* Task statement
Without including the pictures, copy each line below exactly as it reads.

* Given material
#####

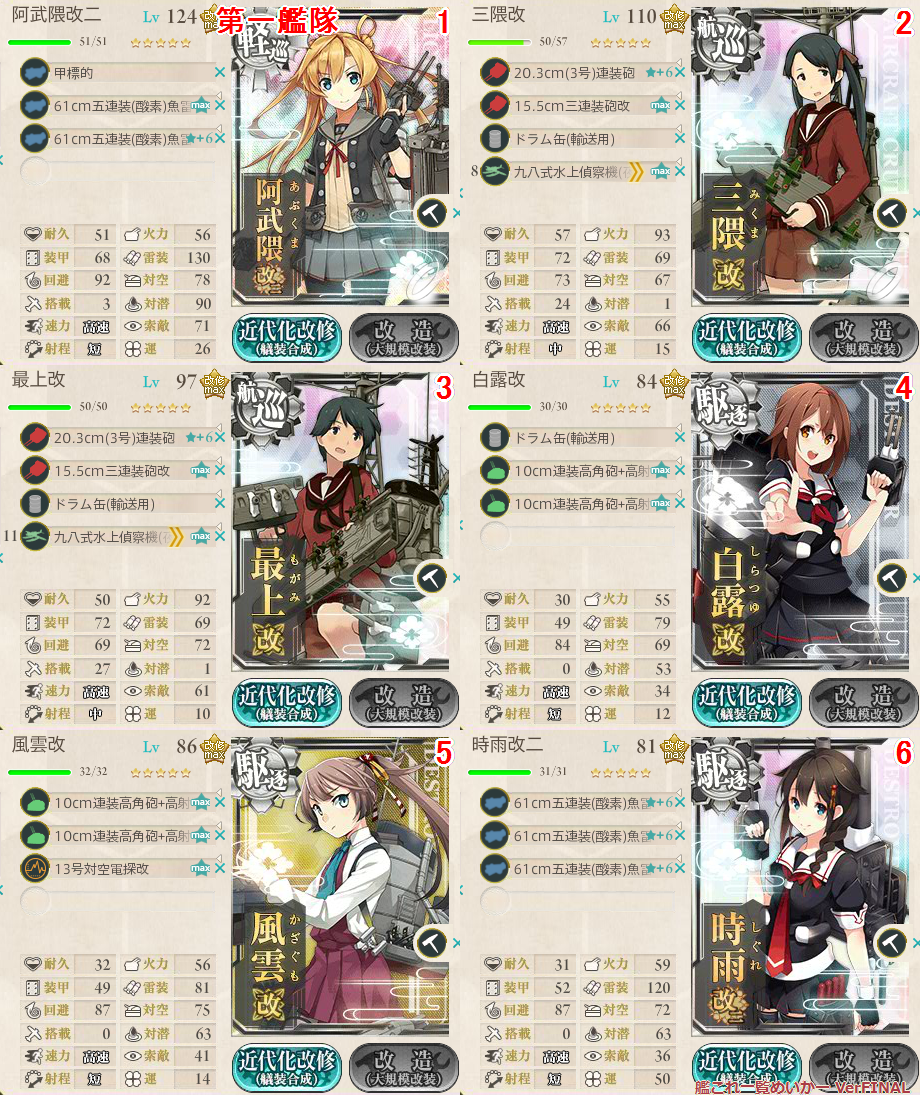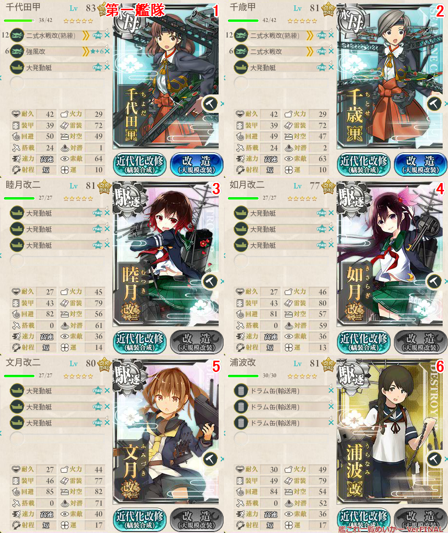 航巡と重巡使うのがちょっと怖かったので、水母でごまかす。戦力になりません。
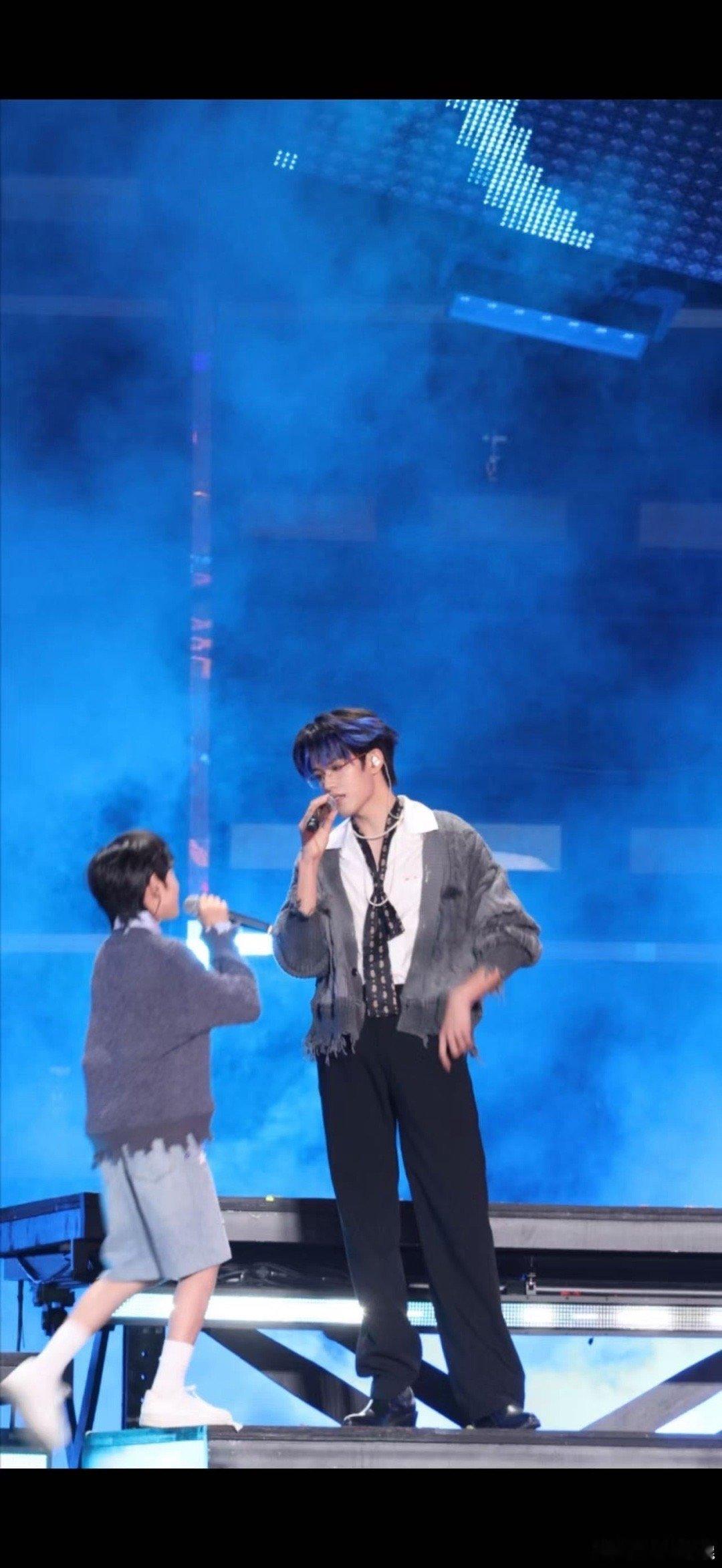 张极五代同台最萌身高差 新音同台这画面太有爱了!张极气场全开,小朋友奶呼呼的,这身高差简直萌化人心,抬手搭肩的动作太温柔,舞台氛围感拉满!
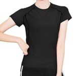 THREEGUNのレディース半袖インナーシャツは、吸汗速乾機能付きで快適な着心地。コンプレッションデザインにより、ヨガやジムに最適。UVカット機能付きで夏のトレーニングにも安心です。カラーはブラック、サイズはLです。
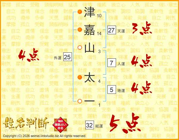 津(10画)嘉(14画)山(3画) 太(4画)一(1画)

#####

* Task result
 航巡と重巡使うのがちょっと怖かったので、水母でごまかす。戦力になりません。
 张极五代同台最萌身高差 新音同台这画面太有爱了!张极气场全开,小朋友奶呼呼的,这身高差简直萌化人心,抬手搭肩的动作太温柔,舞台氛围感拉满!
 THREEGUNのレディース半袖インナーシャツは、吸汗速乾機能付きで快適な着心地。コンプレッションデザインにより、ヨガやジムに最適。UVカット機能付きで夏のトレーニングにも安心です。カラーはブラック、サイズはLです。
 津(10画)嘉(14画)山(3画) 太(4画)一(1画)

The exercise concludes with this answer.